The good: the author has some excellent historical material on Bachelier, MFM Osborne and Ed Thorp, who are (mostly) unrecognized giants in the field. I learned a few things, and think the author had some real insights into the contributions made by these men. Frankly, I'd have bought the book for the Thorp and Osborne anecdotes. Someone really needs to do an authorized biography of Thorp, and one of Osborne would be pretty neat as well. Some of the material on Mandelbrot and the prediction company guys was also amusing, though I have always considered these folks overrated. This book is extremely well written, and despite the problems I had with it, I found myself enjoying the reading.

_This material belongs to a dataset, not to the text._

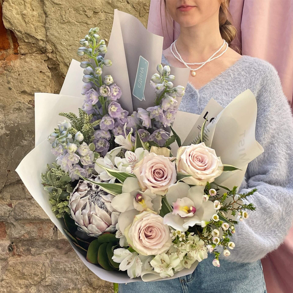 Квіти: Протея, Дельфініум, Троянда, Матіола, Вероніка, Альстромерія, Піттоспорум, Цимбідіум, Хамелаціум

The bad: The subjects of this book are not all people a working practitioner of finance would have chosen. Most of subjects of the book are *known.* Many practitioners of finance (and physics) are only famous because they like publicity and talking to journalists, or because there is somehow a popular book associated with them. I mentioned Mandelbrot and the prediction company guys above: these are accomplished, interesting and talented men. Do they belong in the same league as Ed Thorp or MFM Osborne? I think they'd agree the answer to this question is "no." I've read most of the popular books the author used as raw source material, so most of this book wasn't new. He did reach out to some of the protagonists, and managed to dig up a few things I wasn't familiar with, but the meat of this book exists in several other books out there. Not that there is anything wrong with that; it summarizes about a dozen other books, and does so with considerable style.